> _WORK REQUIRED_
No pictures belong in the copy. Retype exactly, and only, the stretch of lines below from the one with "during the quarter." through the one with "等)について協議を行い、担当教員から指導助言をいただきました。 | |".

───── DATA EXTRACT ─────

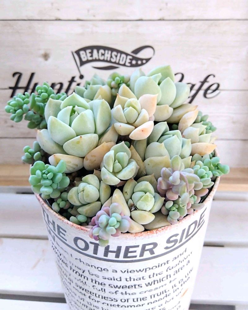 長らくGSをおサボりしていた時、多肉のお世話もおサボりしていたので、以前のパープルヘイズと白牡丹の寄せ植えもガラガラになっていました
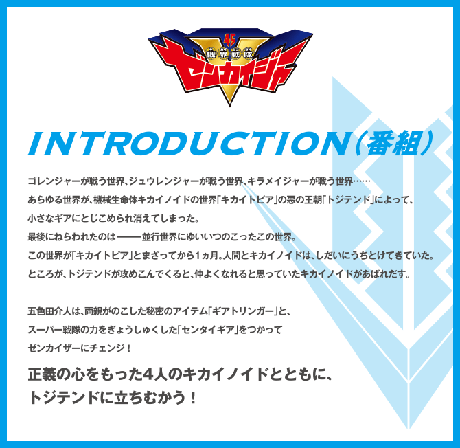 - ゴレンジャーが戦う世界、ジュウレンジャーが戦う世界、キラメイジャーが戦う世界…… あらゆる世界が、機械生命体キカイノイドの世界「キカイトピア」の悪の王朝「トジテンド」によって、 小さなギアにとじこめられ消えてしまった。 最後にねらわれたのはー並行世界にゆいいつのこったこの世界。 この世界が「キカイトピア」とまざってから1ヵ月。人間とキカイノイドは、しだいにうちとけてきていた。 ところが、トジテンドが攻めこんでくると、仲よくなれると思っていたキカイノイドがあばれだす。 五色田介人は、両親がのこした秘密のアイテム「ギアトリンガー」と、 スーパー戦隊の力をぎょうしゅくした「センタイギア」をつかって ゼンカイザーにチェンジ! 正義の心をもった4人のキカイノイドとともに、トジテンドに立ちむかう!
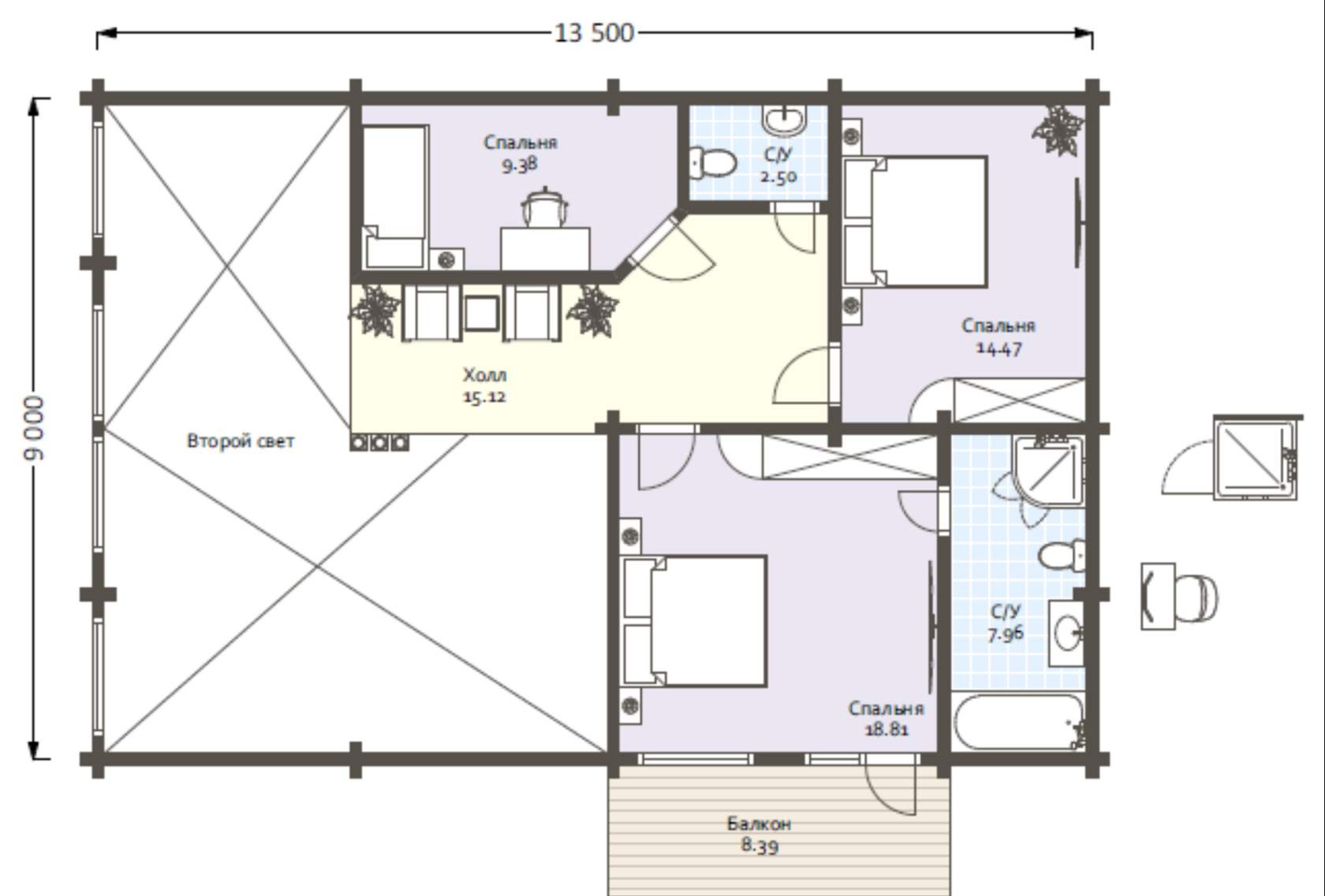Стропила – составные балки из строганной доски камерной сушки сечением 45x290 мм (195+95), шаг 580 мм
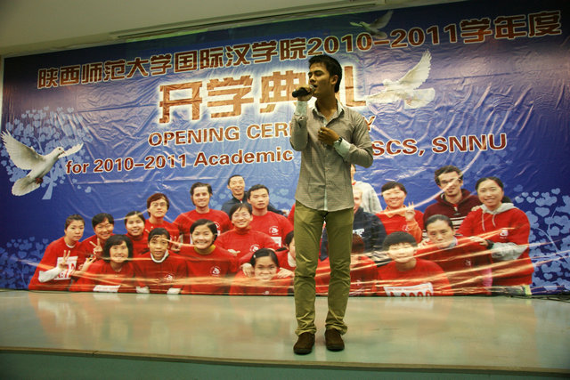 为新生所做的精心安排,感谢师长给予的温暖而热情的照顾。希望所有留学生“学好中国话,朋友遍天下”。
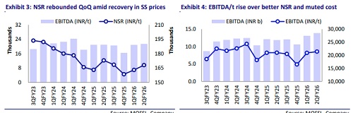 * The exports share remained steady at 9% in 2QFY26 compared to 1QFY26 (vs. 10% in 2QFY25). ASP stood at INR168,000/t (-3% YoY and +3% QoQ), led by SS price recovery during the quarter.
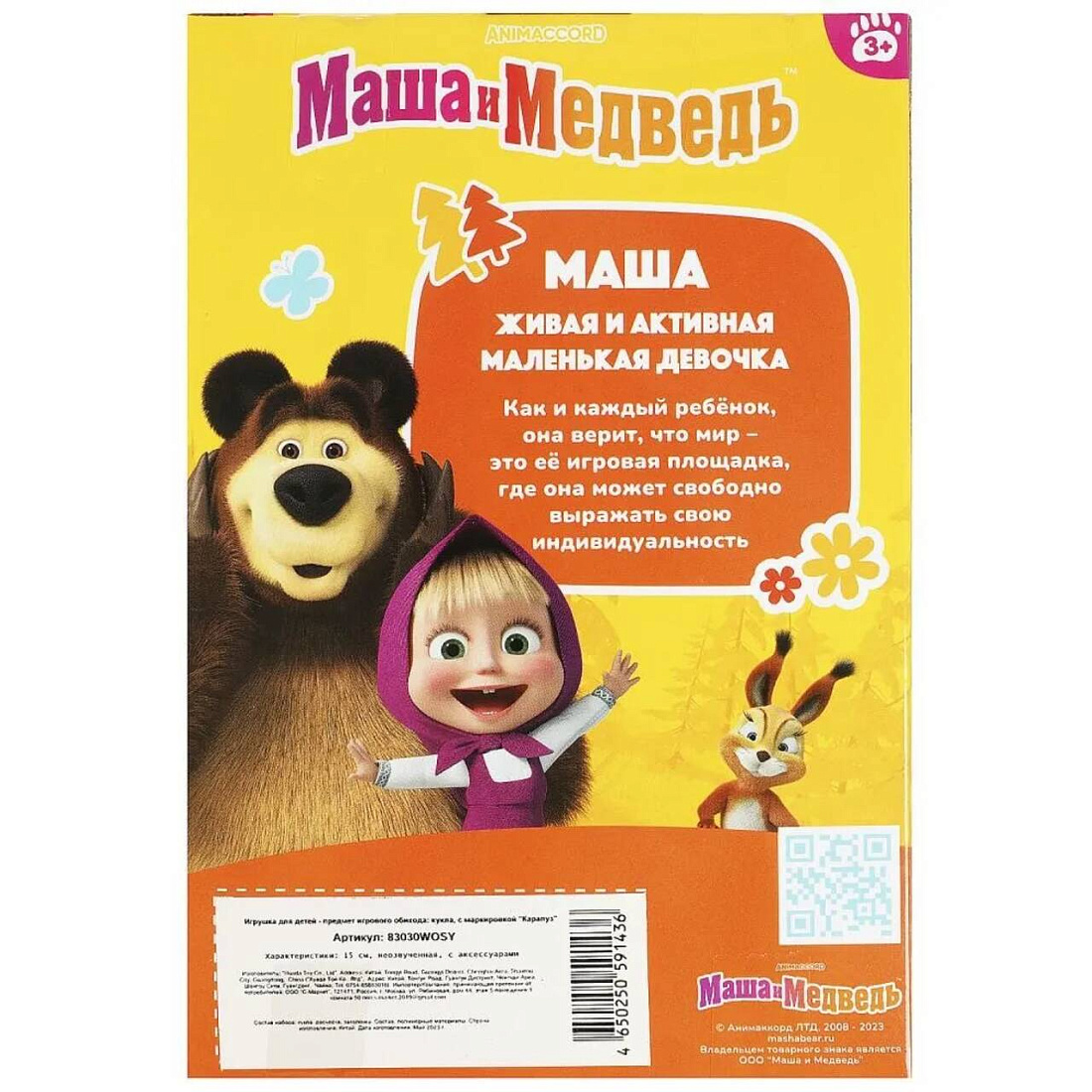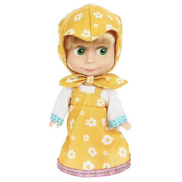 Маша одета в жёлтый сарафан с цветочным принтом и белую рубашку. Образ куклы дополняет косынка на голове. Одежду легко снять и надеть. С Машей можно пойти на прогулку, путешествовать и, конечно, весело играть, делая все дела вместе. Для более интересной игры в наборе с Машей предусмотрены дополнительные аксессуары, которые помогут делать любимой кукле красивые причёски.
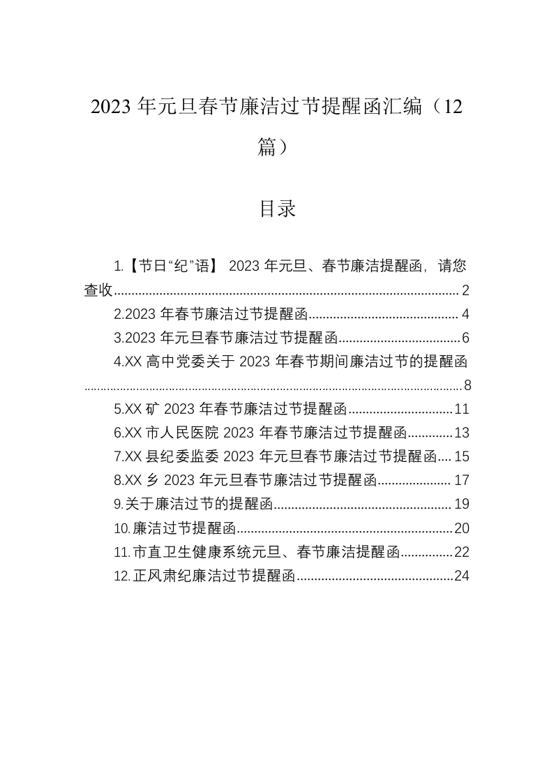 2023年元旦春节廉洁过节提醒函汇编(12篇)
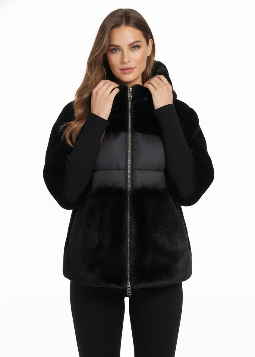 ABRIGO ELEGANTE CON DETALLES DE PIEL SINTÉTICA
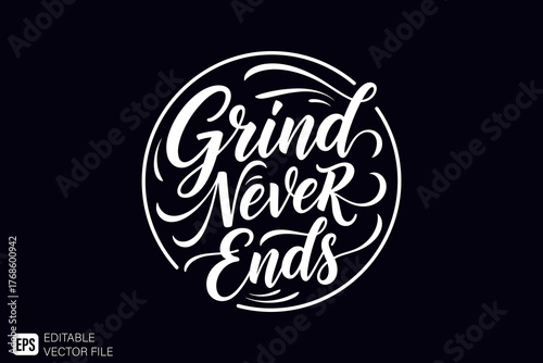 Grind Never Ends motivational quote in a circular hand-drawn typ
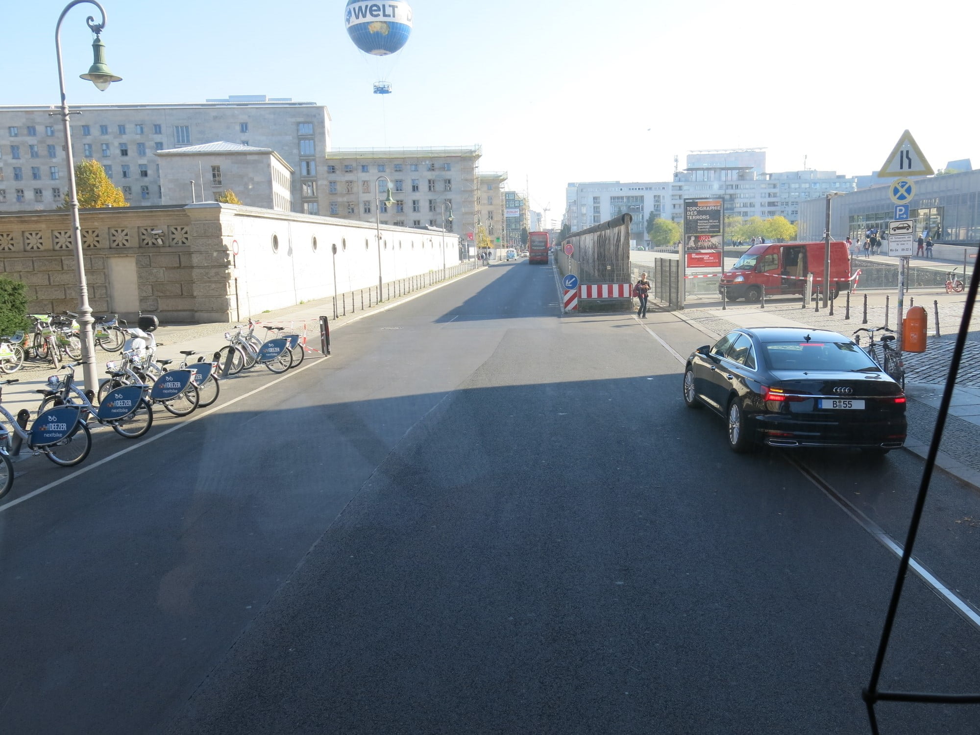 Muuri on suurimmalta osin purettu ja muurin paikka on merkitty tiehen viivana.
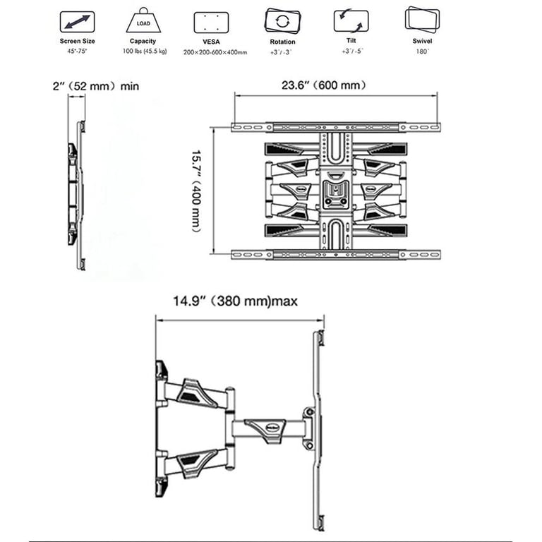 🔥This advanced design makes achieving the proper viewing angle easy and convenient. The cable management system makes your cable connections straightforward and neat. The standard accessories enable you to extend the VESA TV mount holes from 400x400, 600x400mm. The arm can extend to a maximum of 496mm.
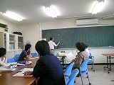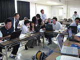 金沢大学において、研修生が普段の授業で工夫したいと考えている点(霧箱に使う寒剤・透磁率と誘電率をイメージさせるには・渦電流の導入・音の干渉の理解をし易くするには・吸収スペクトル(Naなど)を上手く見る方法 等)について協議を行い、担当教員から指導助言をいただきました。 | |
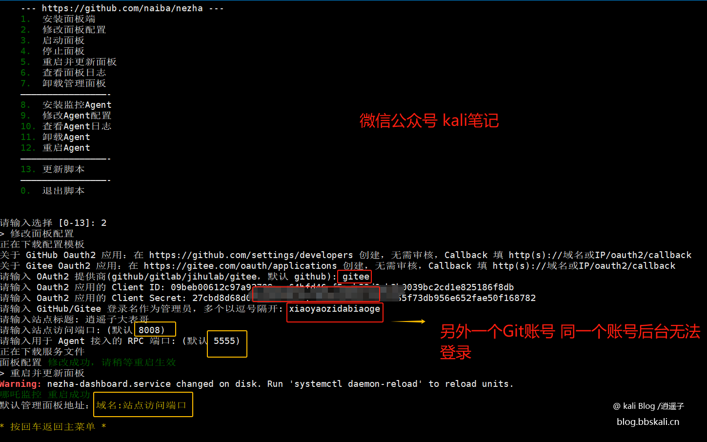 curl -L https://gitee.com/naibahq/nezha/raw/master/script/install.sh -o nezha.sh && chmod +x nezha.sh && sudo CN=true ./nezha.sh按照提示分别输入相应的信息。需要注意的是Gitee的登录账号为 账号B
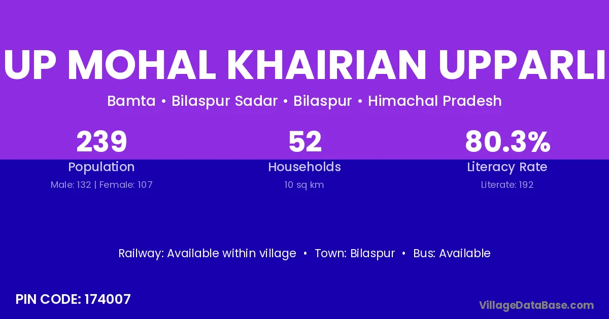 Bilaspur is the nearest town to Up Mohal Khairian Upparli village for major economic activities
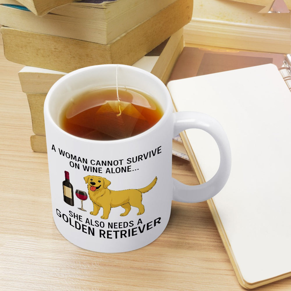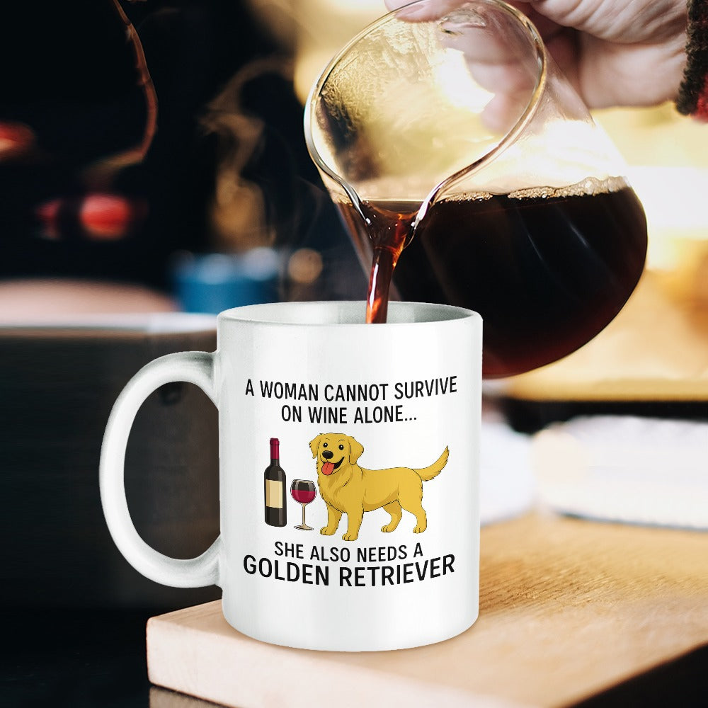 Celebrate your love for your Golden Retriever and your favorite wine with this charming coffee mug! Featuring a cheerful Golden Retriever alongside a bottle and glass of wine with the playful quote, “A woman cannot survive on wine alone… she also needs a Golden Retriever.” It’s a heartwarming reminder that life’s best moments are shared with good wine and great company — especially your furry best friend.
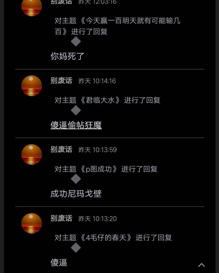 死孤儿,毫无底线什么鸡巴帖子都搬,我要是小斌知道你偷我帖子,直接搞把刀捅死你,什么玩意儿,这种叙事帖子也偷,是你经历的嘛,就搬
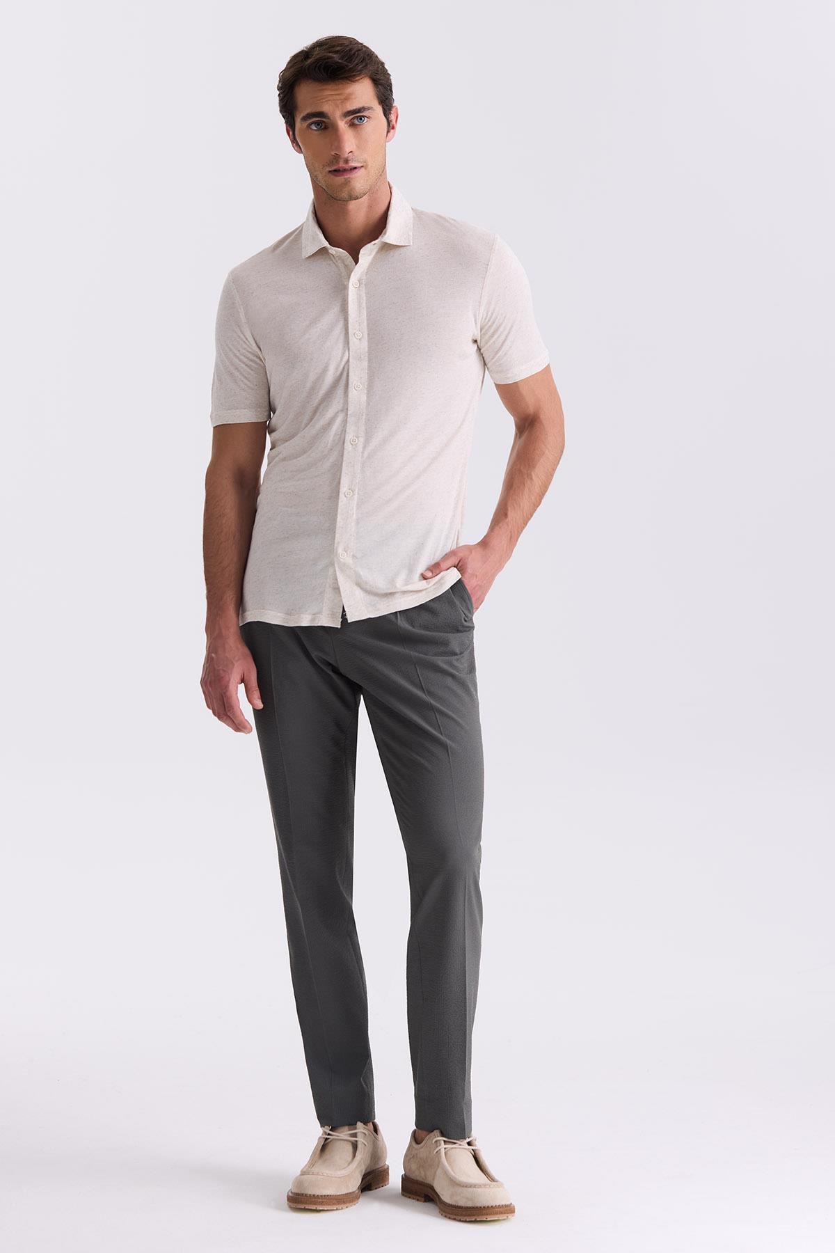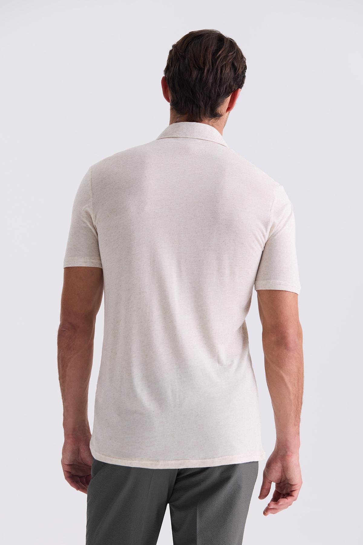 Bej Slim Fit Gömlek Yaka T-Shirt

─────

> _TASK OUTPUT_
 * The exports share remained steady at 9% in 2QFY26 compared to 1QFY26 (vs. 10% in 2QFY25). ASP stood at INR168,000/t (-3% YoY and +3% QoQ), led by SS price recovery during the quarter.
 Маша одета в жёлтый сарафан с цветочным принтом и белую рубашку. Образ куклы дополняет косынка на голове. Одежду легко снять и надеть. С Машей можно пойти на прогулку, путешествовать и, конечно, весело играть, делая все дела вместе. Для более интересной игры в наборе с Машей предусмотрены дополнительные аксессуары, которые помогут делать любимой кукле красивые причёски.
 2023年元旦春节廉洁过节提醒函汇编(12篇)
 ABRIGO ELEGANTE CON DETALLES DE PIEL SINTÉTICA
 Grind Never Ends motivational quote in a circular hand-drawn typ
 Muuri on suurimmalta osin purettu ja muurin paikka on merkitty tiehen viivana.
 🔥This advanced design makes achieving the proper viewing angle easy and convenient. The cable management system makes your cable connections straightforward and neat. The standard accessories enable you to extend the VESA TV mount holes from 400x400, 600x400mm. The arm can extend to a maximum of 496mm.
 金沢大学において、研修生が普段の授業で工夫したいと考えている点(霧箱に使う寒剤・透磁率と誘電率をイメージさせるには・渦電流の導入・音の干渉の理解をし易くするには・吸収スペクトル(Naなど)を上手く見る方法 等)について協議を行い、担当教員から指導助言をいただきました。 | |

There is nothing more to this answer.